Object categories have been carefully chosen to represent typical scenes. There are a total of 20 classes which can be divided into the four main categories:

  • vehicles
  • household
  • animals
  • person

To improve the training and validation data it has been updated annually. For more details like the annotation process or the number of examples per class see the original paper [5].

During the seven years in which competitions were held, PASCAL enabled important contributions to the field of vision. There was a constant increase in model performance. This was also enabled by transferring models between tasks such as detection and segmentation. And finally, it helped to seed other datasets and competitions like the COCO dataset [6].

ImageNet

Knowing that the best object detection algorithm would be useless without a large and accurate dataset, Fei-Fei Li endeavoured to map the world of objects. The original dataset comprised over \(10\) million photographs from Flickr, Google searches from \(10,000\) different categories ranging from red beech to odometer to geyser [7], hosting one of the largest publicly available labelled image datasets to date. ImageNet also hosted object recognition annual competitions running between 2010 and 2017 using a small fraction of their dataset.
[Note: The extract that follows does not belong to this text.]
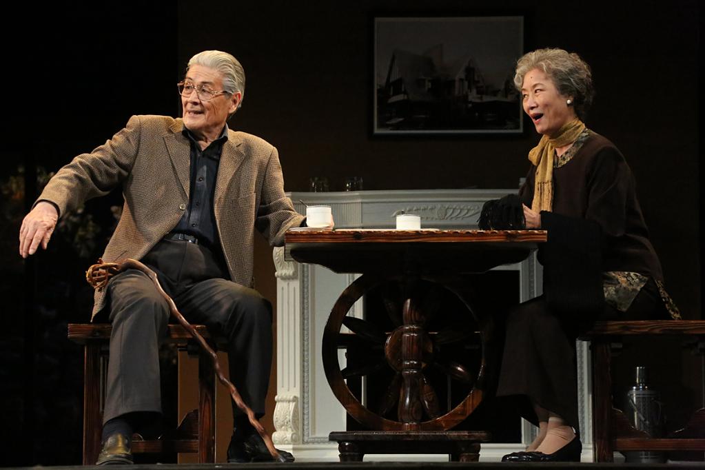 2012年9月14日,老藝術(shù)家藍天野(左)和呂中(右)在《甲子園》的演出中。當日,北京人藝年度原創(chuàng )大戲《甲子園》在北京首都劇場(chǎng)首演。新華社記者唐師曾 攝

In the seven years that it hosted the competition, the winning accuracies in object classification rose from around \(71.8\%\) to \(97.3\%\), the latter surpassing human performance. This dataset became a benchmark in measuring the success of the newest object classification algorithms. In its later year, the competition introduced object localization, object segmentation, and even object localization in video tasks.

Though the competitions are over, the waves of ImageNet can still be felt today with many object recognition algorithms still being trained and tested on the dataset and many of its winners moving on to senior roles in companies such as Google, Baidu, or Facebook.

COCO

One issue with the previous datasets was that images of certain objects depict those from a similar angle in the majority of cases. Training models on these iconic views of objects can lead to poor generalization when the objects are shown from other angles [8].

The Common Objects in Context (COCO) dataset addresses this by focusing on non-iconic images. Additionally, it aims to enable more complex scene understanding by showing several objects in typical scenes. Lastly, by including more instances per category than for example PASCAL (see figure 2) it enables more precise 2D localization [9].

In addition to the greater amount of categories, the dataset also includes smaller objects. This adds difficulty to the competitions compared to PASCAL VOC.

All of this makes COCO a popular choice for training general object detector and segmentation models.


References

[5]   Everingham, M., Van Gool, L., Williams, C. K. I., Winn, J., & Zisserman, A. (2010). The Pascal Visual Object Classes (VOC) Challenge. International Journal of Computer Vision, 88(2), 303–338. https://doi.org/10.1007/s11263-009-0275-4

[6]   Everingham, M., Eslami, S. M. A., Van Gool, L., Williams, C. K. I., Winn, J., & Zisserman, A. (2015). The Pascal Visual Object Classes Challenge: A Retrospective. International Journal of Computer Vision, 111(1), 98–136. https://doi.org/10.1007/s11263-014-0733-5

[7]   Olga Russakovsky, Jia Deng, Hao Su, Jonathan Krause, Sanjeev Satheesh, Sean Ma, Zhiheng Huang, Andrej Karpathy, Aditya Khosla, Michael Bernstein, Alexander C. Berg and Li Fei-Fei. (* = equal contribution) ImageNet Large Scale Visual Recognition Challenge. IJCV, 2015.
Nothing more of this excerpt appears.